Saved entries

────

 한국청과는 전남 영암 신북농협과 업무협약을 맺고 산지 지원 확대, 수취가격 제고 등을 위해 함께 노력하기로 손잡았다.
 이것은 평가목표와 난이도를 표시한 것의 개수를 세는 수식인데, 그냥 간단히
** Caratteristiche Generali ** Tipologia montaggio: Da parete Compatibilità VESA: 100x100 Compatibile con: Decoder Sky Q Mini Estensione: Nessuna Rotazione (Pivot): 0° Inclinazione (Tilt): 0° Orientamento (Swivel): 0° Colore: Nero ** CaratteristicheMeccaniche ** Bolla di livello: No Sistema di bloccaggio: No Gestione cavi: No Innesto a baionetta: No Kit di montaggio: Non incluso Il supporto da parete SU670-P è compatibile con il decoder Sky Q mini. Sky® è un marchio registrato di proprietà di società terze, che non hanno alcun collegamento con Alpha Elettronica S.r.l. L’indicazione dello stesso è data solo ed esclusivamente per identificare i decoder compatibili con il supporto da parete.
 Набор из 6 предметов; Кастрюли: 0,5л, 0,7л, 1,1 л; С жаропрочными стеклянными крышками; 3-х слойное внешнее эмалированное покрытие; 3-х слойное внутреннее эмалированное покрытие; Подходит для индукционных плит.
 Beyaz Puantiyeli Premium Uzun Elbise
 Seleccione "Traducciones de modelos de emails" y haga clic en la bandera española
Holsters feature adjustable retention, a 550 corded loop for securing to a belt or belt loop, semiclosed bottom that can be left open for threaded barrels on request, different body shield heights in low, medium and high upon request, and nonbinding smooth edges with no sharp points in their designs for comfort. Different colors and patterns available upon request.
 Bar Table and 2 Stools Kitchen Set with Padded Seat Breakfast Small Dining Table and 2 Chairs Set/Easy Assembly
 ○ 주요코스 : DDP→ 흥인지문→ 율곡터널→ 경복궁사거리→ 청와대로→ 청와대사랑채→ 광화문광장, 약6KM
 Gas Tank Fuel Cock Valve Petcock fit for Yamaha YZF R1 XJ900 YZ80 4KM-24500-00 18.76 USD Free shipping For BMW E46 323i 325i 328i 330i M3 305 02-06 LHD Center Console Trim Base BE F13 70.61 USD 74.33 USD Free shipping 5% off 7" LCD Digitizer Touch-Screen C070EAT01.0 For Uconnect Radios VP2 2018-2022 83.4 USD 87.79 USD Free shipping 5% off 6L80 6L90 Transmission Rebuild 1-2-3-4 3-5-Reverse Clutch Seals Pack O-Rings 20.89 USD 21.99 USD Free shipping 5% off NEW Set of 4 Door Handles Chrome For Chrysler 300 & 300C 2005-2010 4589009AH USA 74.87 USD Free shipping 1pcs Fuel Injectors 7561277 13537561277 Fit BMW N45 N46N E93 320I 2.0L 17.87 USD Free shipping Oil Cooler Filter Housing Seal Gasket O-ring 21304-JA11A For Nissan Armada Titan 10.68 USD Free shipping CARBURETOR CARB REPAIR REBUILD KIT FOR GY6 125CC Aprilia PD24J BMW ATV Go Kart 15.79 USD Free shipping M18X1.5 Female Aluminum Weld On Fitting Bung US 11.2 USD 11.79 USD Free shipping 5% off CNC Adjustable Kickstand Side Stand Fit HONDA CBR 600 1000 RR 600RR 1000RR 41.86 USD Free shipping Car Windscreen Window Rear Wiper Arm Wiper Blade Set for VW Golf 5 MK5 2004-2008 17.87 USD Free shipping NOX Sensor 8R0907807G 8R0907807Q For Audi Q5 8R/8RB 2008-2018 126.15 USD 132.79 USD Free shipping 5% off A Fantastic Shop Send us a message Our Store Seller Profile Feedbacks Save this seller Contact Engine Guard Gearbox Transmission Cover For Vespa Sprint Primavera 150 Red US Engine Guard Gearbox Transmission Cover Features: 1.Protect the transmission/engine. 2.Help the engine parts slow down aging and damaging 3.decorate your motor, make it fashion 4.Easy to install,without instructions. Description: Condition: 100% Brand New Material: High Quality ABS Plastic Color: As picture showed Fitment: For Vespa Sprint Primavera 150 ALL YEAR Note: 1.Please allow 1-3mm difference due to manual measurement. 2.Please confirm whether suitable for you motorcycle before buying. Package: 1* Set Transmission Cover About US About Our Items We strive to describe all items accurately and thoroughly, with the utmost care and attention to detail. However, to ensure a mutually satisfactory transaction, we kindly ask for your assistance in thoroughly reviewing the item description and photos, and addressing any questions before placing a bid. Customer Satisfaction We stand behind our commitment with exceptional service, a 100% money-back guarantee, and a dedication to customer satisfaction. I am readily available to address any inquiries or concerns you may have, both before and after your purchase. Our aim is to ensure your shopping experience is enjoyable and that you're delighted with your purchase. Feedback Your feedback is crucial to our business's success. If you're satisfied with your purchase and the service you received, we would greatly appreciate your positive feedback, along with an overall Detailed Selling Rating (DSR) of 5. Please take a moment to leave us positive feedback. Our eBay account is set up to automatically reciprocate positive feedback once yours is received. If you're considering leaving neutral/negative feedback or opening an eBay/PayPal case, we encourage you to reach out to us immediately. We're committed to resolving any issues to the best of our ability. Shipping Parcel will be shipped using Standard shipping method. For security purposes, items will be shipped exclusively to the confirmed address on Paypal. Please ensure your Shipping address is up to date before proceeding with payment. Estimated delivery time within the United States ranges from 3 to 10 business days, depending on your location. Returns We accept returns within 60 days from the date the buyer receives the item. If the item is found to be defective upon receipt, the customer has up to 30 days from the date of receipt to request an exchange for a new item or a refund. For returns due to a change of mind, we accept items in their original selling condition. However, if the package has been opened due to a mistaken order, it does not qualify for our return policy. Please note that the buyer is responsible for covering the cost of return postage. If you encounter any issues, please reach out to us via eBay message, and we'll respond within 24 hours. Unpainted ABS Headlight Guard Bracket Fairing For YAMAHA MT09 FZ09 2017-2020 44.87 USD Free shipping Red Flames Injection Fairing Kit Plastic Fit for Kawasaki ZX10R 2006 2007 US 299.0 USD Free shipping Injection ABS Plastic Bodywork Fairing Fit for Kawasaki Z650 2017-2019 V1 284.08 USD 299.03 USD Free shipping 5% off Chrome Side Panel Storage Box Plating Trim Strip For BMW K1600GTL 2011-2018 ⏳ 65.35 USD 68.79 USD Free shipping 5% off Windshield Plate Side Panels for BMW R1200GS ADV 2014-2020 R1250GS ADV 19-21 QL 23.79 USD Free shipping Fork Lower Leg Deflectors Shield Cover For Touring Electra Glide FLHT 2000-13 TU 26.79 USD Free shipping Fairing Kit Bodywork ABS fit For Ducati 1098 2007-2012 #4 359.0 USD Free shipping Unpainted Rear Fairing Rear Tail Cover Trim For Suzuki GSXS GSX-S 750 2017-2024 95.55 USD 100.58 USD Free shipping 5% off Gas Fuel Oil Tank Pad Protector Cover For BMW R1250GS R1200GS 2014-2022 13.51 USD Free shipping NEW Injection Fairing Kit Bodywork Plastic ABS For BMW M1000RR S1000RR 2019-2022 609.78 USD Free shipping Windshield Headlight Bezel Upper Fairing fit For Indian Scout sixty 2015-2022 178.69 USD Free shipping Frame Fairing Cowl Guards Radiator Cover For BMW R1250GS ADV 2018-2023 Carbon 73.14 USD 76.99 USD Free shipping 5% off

────

Word for word, set down the lines from the beginning of the records through the line that holds "이것은 평가목표와 난이도를 표시한 것의 개수를 세는 수식인데, 그냥 간단히". Leave out the rest.

 한국청과는 전남 영암 신북농협과 업무협약을 맺고 산지 지원 확대, 수취가격 제고 등을 위해 함께 노력하기로 손잡았다.
 이것은 평가목표와 난이도를 표시한 것의 개수를 세는 수식인데, 그냥 간단히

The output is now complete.